Please retype exactly the lines from the one containing "기능키(Fn키)를 사용하면 키보드에" through the end of the records, leaving out the pictures.

[Opening Stored data section]

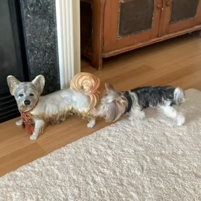 A Yorkie dog paws at a dog statue in the house house and barks at it when a woman says "he won't play with you?"
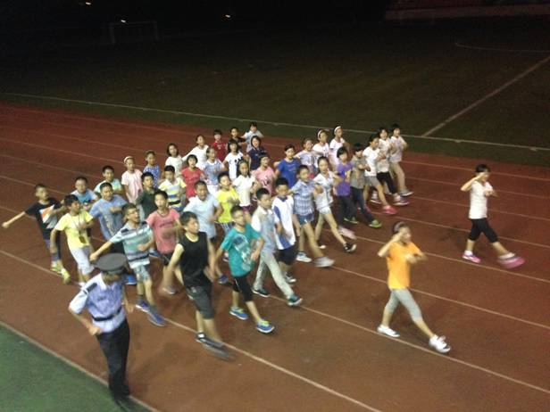 今天的学习任务很特别,需要我们把前两天的知识结合起来。看似容易,实际上特别的难,不仅要考虑排面,还得把姿势做标准,不但要保持前后的距离,还得控制好速度,可把我们给忙的手忙脚乱!
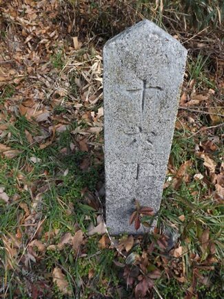 200m程進んだ右斜面に 南無阿弥陀仏の題目碑
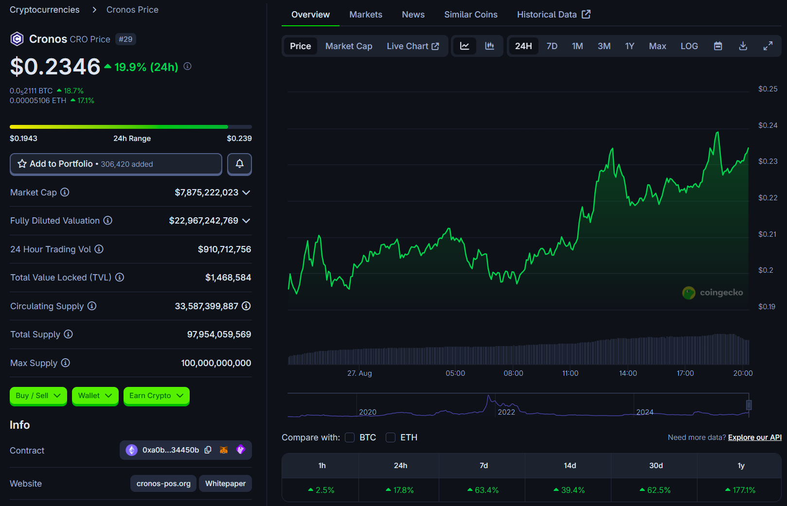 According to CoinGecko data, CRO advanced from around $0.16 to approximately $0.24 following the latest developments, with 24-hour trading volume surpassing $900 million.
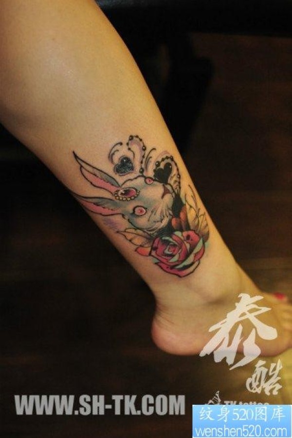 女人腿部可爱流行的兔子纹身图片_腿部纹身图案大全_纹身图吧
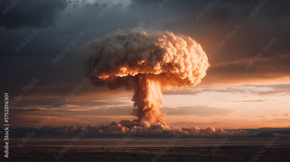 Massive nuclear explosion mushroom cloud at sunset #1752016301
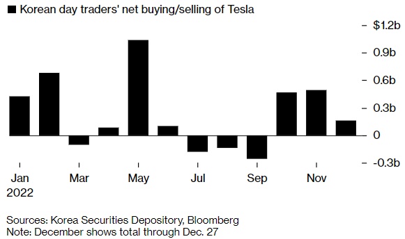智通财经APP获悉,特斯拉(TSLA.US)创下有史以来最差的股价表现之际,韩国散户投资者今年已净买入价值28亿美元的特斯拉股票。根据韩国证券存管所的数据,截至12月27日,即使特斯拉在12月暴跌44%,股价表现为有史以来最糟糕的一个月,该国日间交易员仍于本月增持了1.6亿美元的该公司股票,连续第三个月实现净买入。
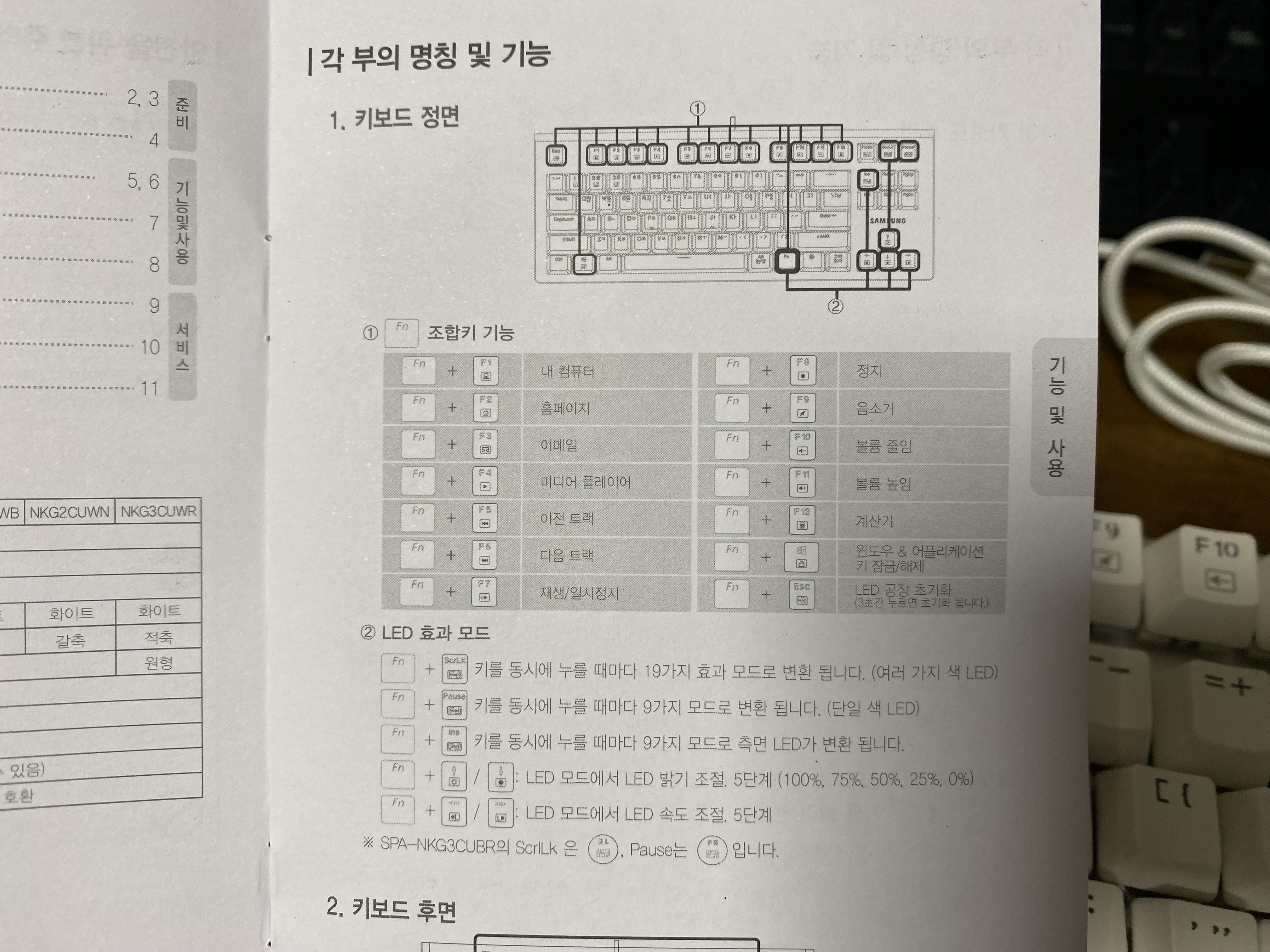 기능키(Fn키)를 사용하면 키보드에 다양한 효과를 줄 수 있습니다. 위 사진을 참고하세요.
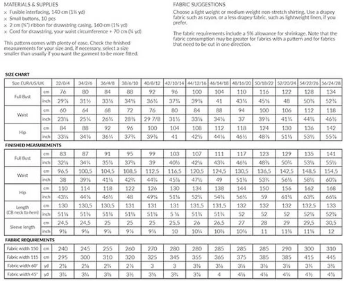 Sizes: EUR 32-56 | US 0-24 | UK 4-28 |
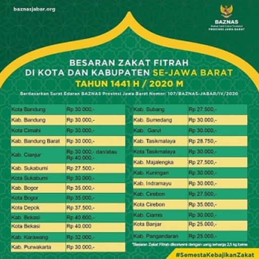 Badan Amil Zakat Nasional (Baznas) Provinsi Jawa Barat resmi menetapkan besaran zakat fitrah tahun 1441 H/ 2020 M di kota/kabupaten Se-Jawa Barat berdasarkan surat edaran Nomor: 107/BAZNAS-JABAR/IV/2020.
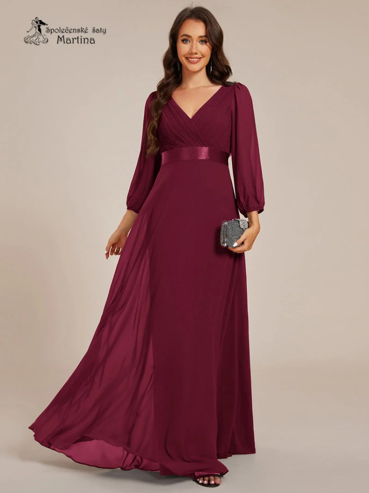 - Dlouhé vínové šifonové společenské šaty “Camelia” s 3/4 rukávem
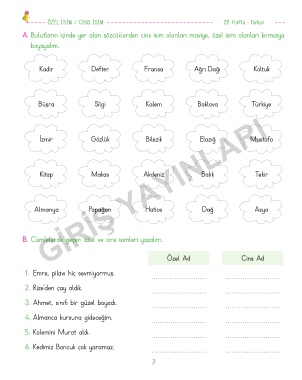 B. Cümlelerde geçen özel ve cins isimleri yazalım.

[Closing Stored data section]

## Completed task
 기능키(Fn키)를 사용하면 키보드에 다양한 효과를 줄 수 있습니다. 위 사진을 참고하세요.
 Sizes: EUR 32-56 | US 0-24 | UK 4-28 |
 Badan Amil Zakat Nasional (Baznas) Provinsi Jawa Barat resmi menetapkan besaran zakat fitrah tahun 1441 H/ 2020 M di kota/kabupaten Se-Jawa Barat berdasarkan surat edaran Nomor: 107/BAZNAS-JABAR/IV/2020.
 - Dlouhé vínové šifonové společenské šaty “Camelia” s 3/4 rukávem
 B. Cümlelerde geçen özel ve cins isimleri yazalım.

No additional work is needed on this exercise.